Work Your Mind and Not Your Behind

Work Your Mind and Not Your Behind

Author: Kevin Johnson

Publisher: Xlibris Corporation

Published: 2012-06

Total Pages: 108

ISBN-13: 1465347321

DOWNLOAD EBOOK

Kelly is a young girl who is growing up in a single family home. Despite her mother being a dancer, she has a purpose for life. She s a typical young girl growing up in Washington DC trying not to let mundane things distract her while trying to be a positive influence on her friend Trina.


And I'm Glad

And I'm Glad

Author:

Publisher: Arcadia Publishing

Published: 2005

Total Pages: 196

ISBN-13: 9780738517612

DOWNLOAD EBOOK

And I'm Glad: An Oral History of Edisto Island explores the island's history through the eyes and in the voices of two Edisto farmers, Sam Gadsden and Bubberson Brown, who grew up, labored, raised families, and made their lives on the island. These narratives, tracing the arrival of the first black pioneers, the subsequent slave culture during the 1800s, the difficulties of Reconstruction, to the Edisto of the twentieth century, document both the African-American legacy of the island and the personal struggles of two black men.
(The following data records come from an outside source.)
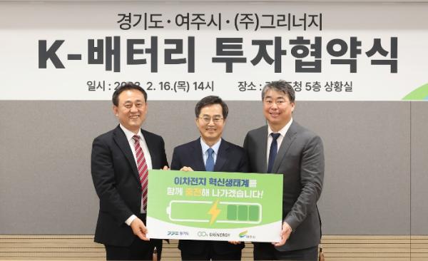 지난해 1월에는 세계 최대 산업용 가스 생산업체인 린데(Linde·미국)의 평택 생산공장에 1천500억 원 규모의 증액 투자를 유치했고, 3개월 뒤 미국 본사에서 김지사는 산지브 람바(Sanjiv Lamba) 린데그룹 최고경영자(CEO)와 만나 경기도에 대형 수소차량용 충전시설 설치와 반도체 공정용 가스 양산 확대를 위해 5천억 원 추가 투자를 약속받았다. 지난해 2월에는 이차전지 신소재기업 ㈜그리너지와 1천억 원 규모 K-배터리 설비 협약을 체결해 규제중첩지역인 여주에 미래 신산업 기지를 구축하고 있다.
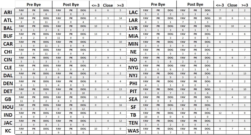 After the schedule release we are able to have a look at how teams will be playing their season, I’m not entirely sure there’s a whole lot of relevance, but I had a look at how they far either side of their bye week, as well as how many they’re favored for on the season as a whole. Superboook based in Vegas recently put out some lines for every game of the season, so I’ve had a look into those as well.
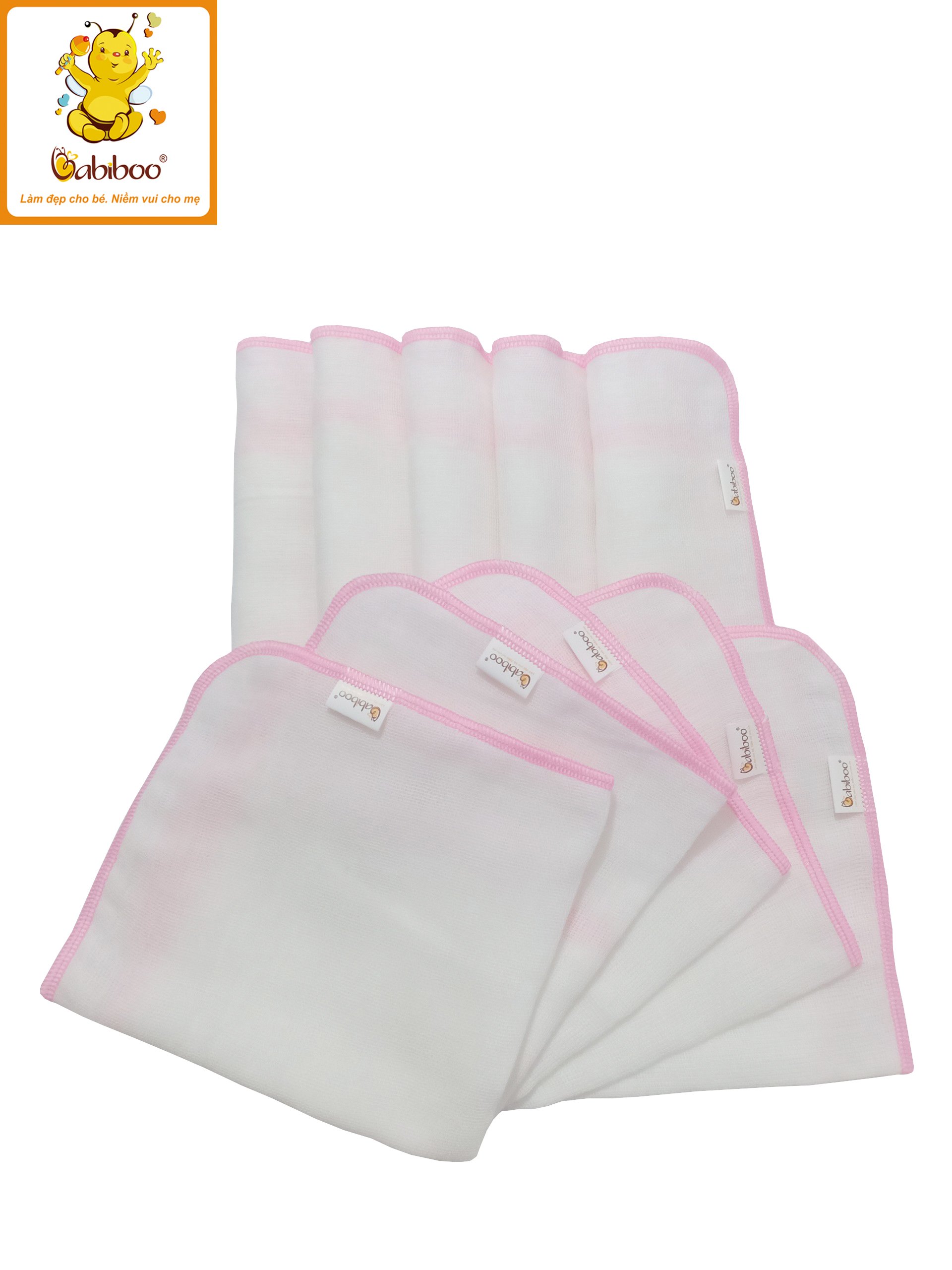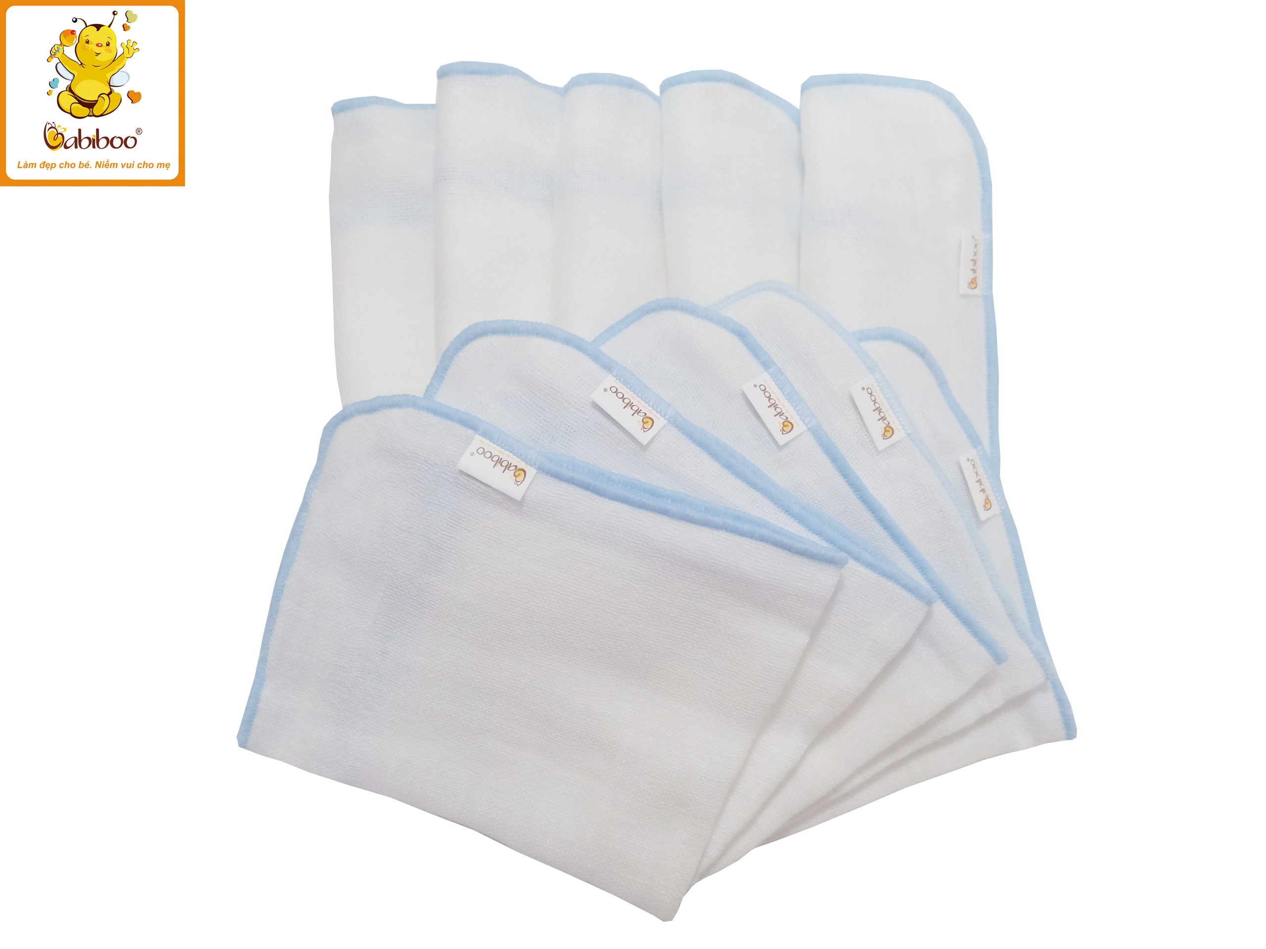 -Bộ khăn sữa cho trẻ sơ sinh BABIBOO có 10 khăn/gói để mẹ dễ thay đổi khi chăm sóc bé.

Overcoming the unpredictability of the Lowcountry's weather, such as the historic Hurricane of 1893 and subsequent storms, the hardships of Depression-era America, and the double standards of a pre-Civil Rights South, Gadsden and Brown detail triumphant lives full of service, hard work, good humor, and faith.


Growing Up Poor

Growing Up Poor

Author: Terry Moses Williams

Publisher: Lexington Books

Published: 1985

Total Pages: 166

ISBN-13: 9780669102772

DOWNLOAD EBOOK

This ethnographic study looks at teenagers trapped in poverty--how some succeed in the struggle to get out and others finally give up trying. It is an outgrowth of interviews with some 900 teens in New York City, Cleveland, Louisville, and Meridian, Mississippi. The neighborhoods where they live are socially and racially diverse. Among them are white areas slding into poverty as traditional blue-collar jobs in smokestack industries fade away, and black and Hispanic neighborhoods where chronic unemployment has long been the prevailing tradition and fact of life. Based on the teenagers' own accounts, the book describes their experiences with working and seeking work, achievements in school and athletics, family life, and the positive influences of their peers and adult mentors. It also details the negative choices that tend to make poverty a life sentence: prostitution and street hustles, pregnancy and early parenthood, gang membership and criminal outlets, drugs and withdrawal into despair. Still, hope is an unquenchable attribute of youth, and it bubbles up in this book as the authors show how much these teenagers seek to do for themselves in exercising their limited options.


Topdog/underdog

Topdog/underdog

Author: Suzan-Lori Parks

Publisher: Theatre Communications Grou

Published: 2001

Total Pages: 126

ISBN-13: 9781559362016

DOWNLOAD EBOOK

The piercing work is an extraordinary new departure.